TASK OBJECTIVE: In the records that follow, the lines from the one containing "Diese Zitronen-Fruchtgummis in" to the one containing "Grease Splatter Screen", inclusive, are to be given again exactly.

RECORDS FOR PROCESSING:
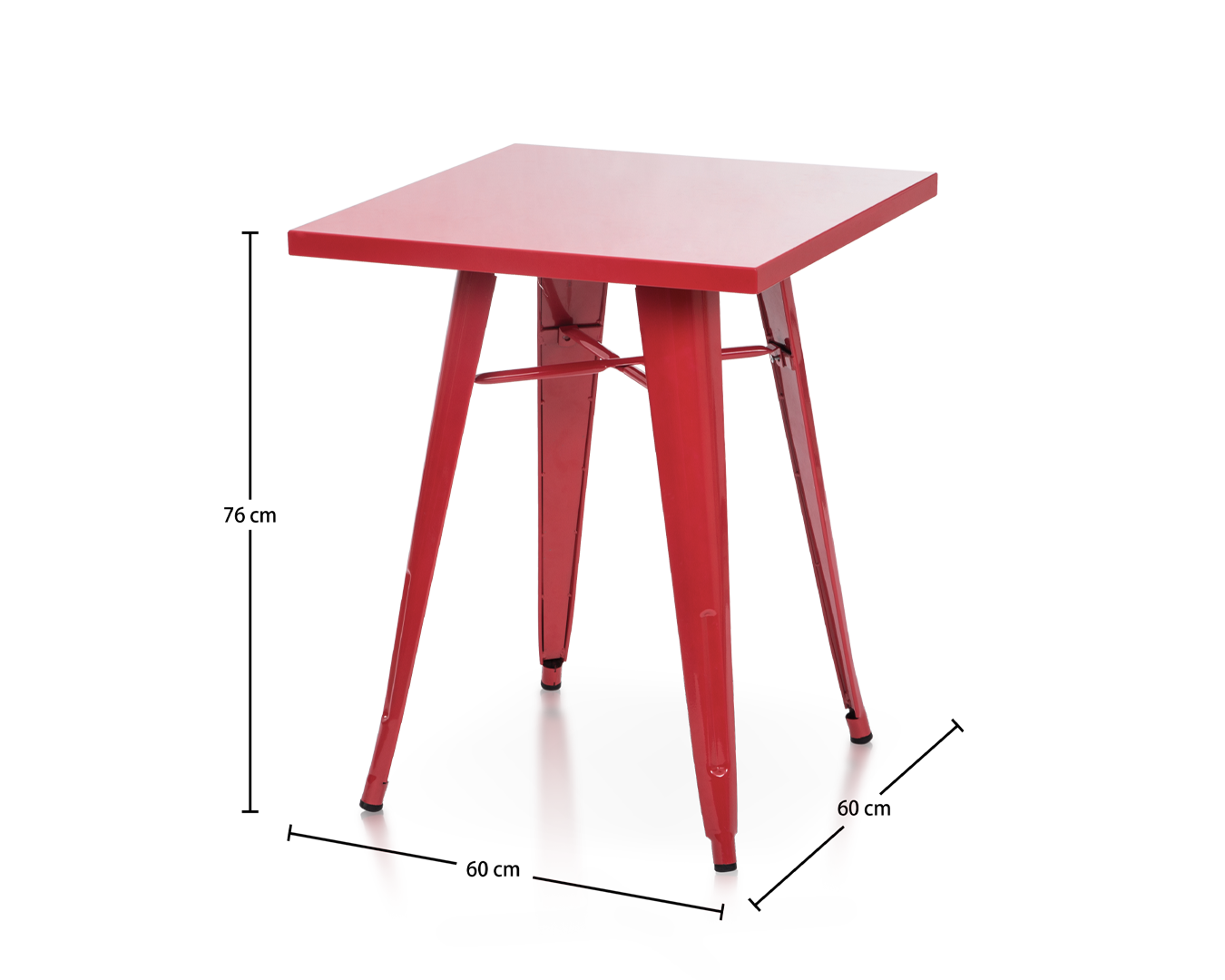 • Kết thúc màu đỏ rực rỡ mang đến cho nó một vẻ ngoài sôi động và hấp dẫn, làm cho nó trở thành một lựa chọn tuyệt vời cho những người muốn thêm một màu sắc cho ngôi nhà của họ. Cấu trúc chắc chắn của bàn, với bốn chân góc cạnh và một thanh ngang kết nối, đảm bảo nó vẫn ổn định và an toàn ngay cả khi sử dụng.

---

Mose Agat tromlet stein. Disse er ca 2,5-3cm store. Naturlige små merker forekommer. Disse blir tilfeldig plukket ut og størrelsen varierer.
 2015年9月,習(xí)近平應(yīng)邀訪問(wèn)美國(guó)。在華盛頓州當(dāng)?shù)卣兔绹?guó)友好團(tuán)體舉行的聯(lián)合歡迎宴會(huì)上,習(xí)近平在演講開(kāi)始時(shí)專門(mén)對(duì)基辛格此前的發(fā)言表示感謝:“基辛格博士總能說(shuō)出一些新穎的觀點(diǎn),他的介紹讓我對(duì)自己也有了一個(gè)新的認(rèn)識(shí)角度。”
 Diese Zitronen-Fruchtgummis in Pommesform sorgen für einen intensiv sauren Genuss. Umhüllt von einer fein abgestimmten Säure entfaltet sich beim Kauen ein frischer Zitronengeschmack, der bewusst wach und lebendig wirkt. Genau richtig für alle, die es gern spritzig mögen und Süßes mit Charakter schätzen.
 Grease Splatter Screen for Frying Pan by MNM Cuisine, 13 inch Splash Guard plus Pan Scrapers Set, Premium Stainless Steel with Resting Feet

RESPONSE TO THE TASK:
 Diese Zitronen-Fruchtgummis in Pommesform sorgen für einen intensiv sauren Genuss. Umhüllt von einer fein abgestimmten Säure entfaltet sich beim Kauen ein frischer Zitronengeschmack, der bewusst wach und lebendig wirkt. Genau richtig für alle, die es gern spritzig mögen und Süßes mit Charakter schätzen.
 Grease Splatter Screen for Frying Pan by MNM Cuisine, 13 inch Splash Guard plus Pan Scrapers Set, Premium Stainless Steel with Resting Feet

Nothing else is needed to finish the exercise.